In the same way, as it was possible fort the both parties to have common and more reasonable results in the implementation of the property regime and custody, the parties are more sensitive and tense during the trial and therefore judgments given as a result of these proceedings cannot fully strike the balance between father- child and mother-child. However, we believe that the institution of mediation promises appropriate and common solutions for those who are at a level that can be overcome, and that the protection of child psychology and health with the common will of the parties (parents) will provide healthier results in terms of custody and establishing a relationship with the child.

When it is considered such aspects as avoiding the absence of the consequences of long-lasting and regrettable proceedings after months and sometimes even years leading to tense and restless processes, resolving the child's psychological condition on a healthier basis by a joint decision, and paying alimony pursuant to agreed conclusions reached in consensus, reasonable and willfully accepted rather than given mandatory judgments. Family law, which is derived from the concept of family, the cornerstone of society, and is the body of rules within the framework of this concept, the family law must be shaped by the conclusions reached by joint decisions which will not shake the family members rather than the definite judgments not always capable of satisfying the parties will be healthier for society and individuals.

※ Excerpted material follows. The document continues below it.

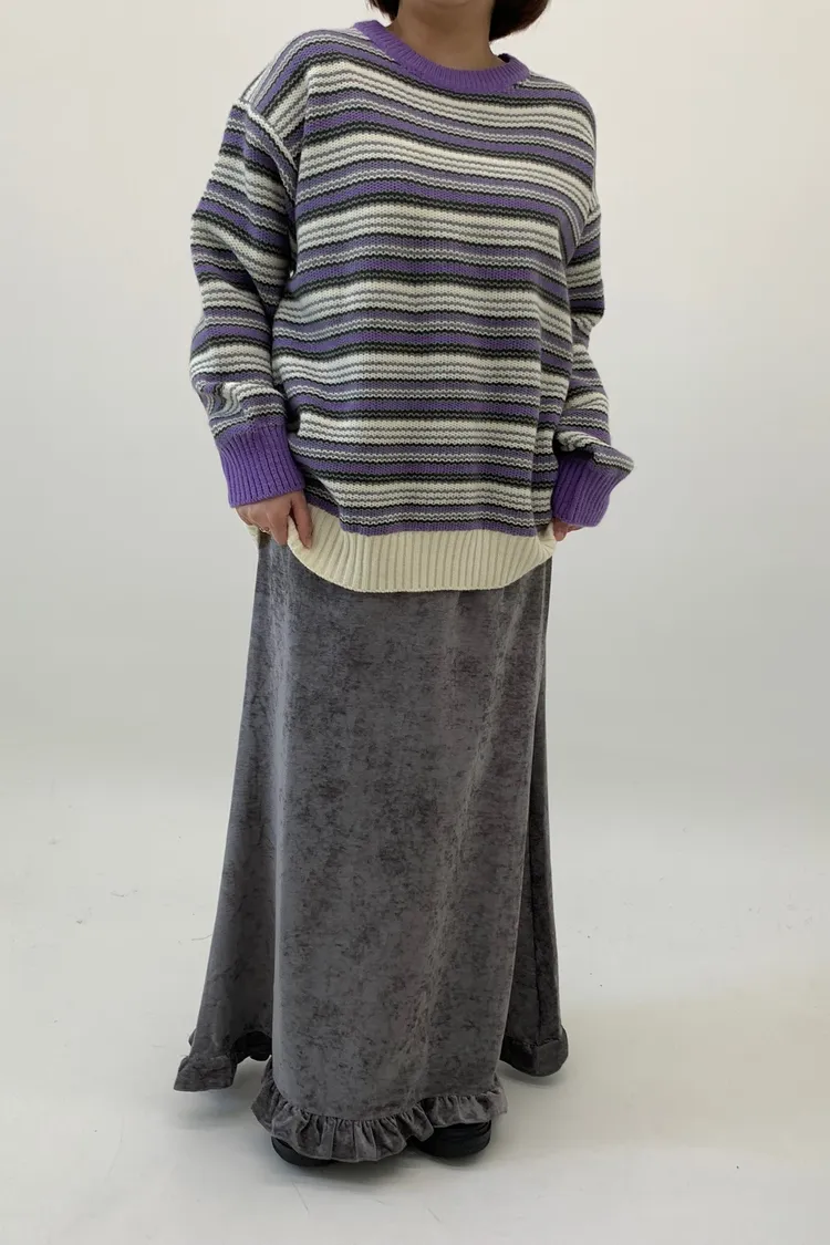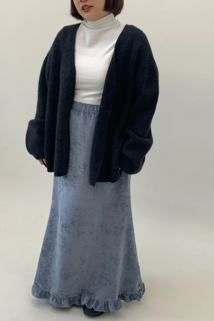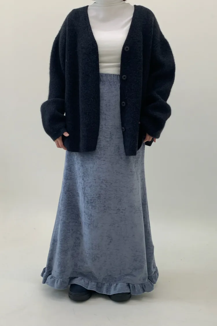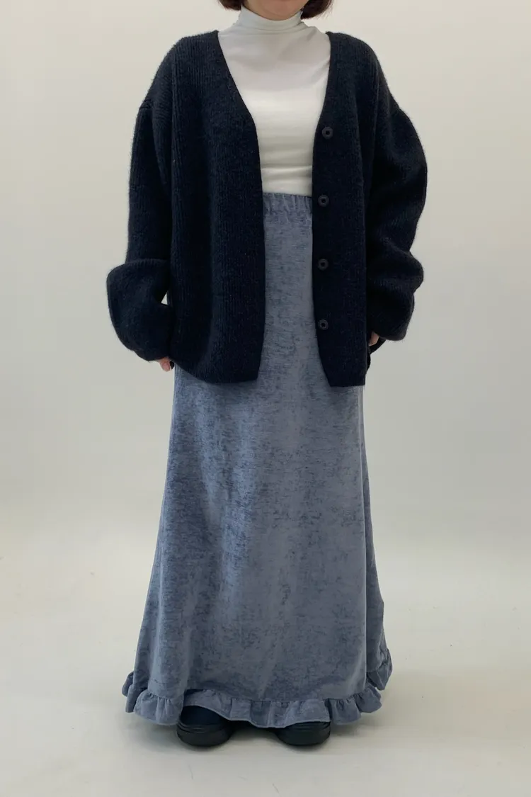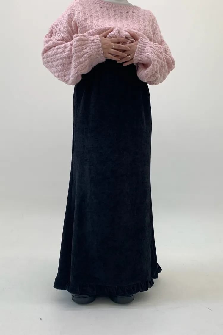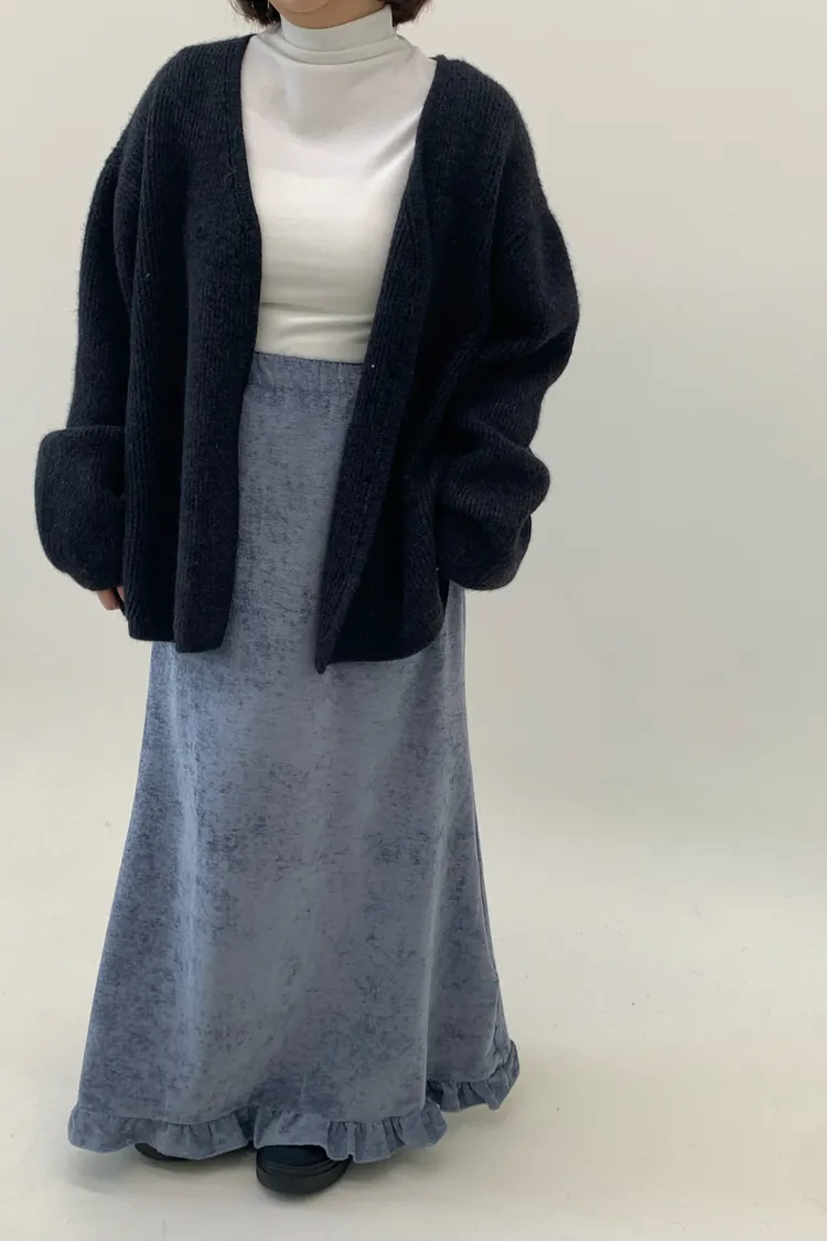 木耳邊絲絨磨毛長裙

It should be noted again that although we advocate the mediation system which is an alternative dispute resolution method within the Family Law, it should be paid attention in legislation process that the lawmaker should consider victims of violence and those subjected to spiritual violence differently in order to protect their rights and freedoms and to compensate their losses and ensure the application of the mediation in terms of Family Law, except for such matters.

The aim of mediation is to provide a quick solution based on the satisfaction of both sides by keeping peaceful, joint decisions away from the slow functioning of the judiciary. In order to ensure that individuals grow up in every aspect of their material and spiritual well-being, the concept of family, which is the most important institution of the society, is not based on the rigid walls of Family Law, but on solutions understood and involving shared satisfaction are essential.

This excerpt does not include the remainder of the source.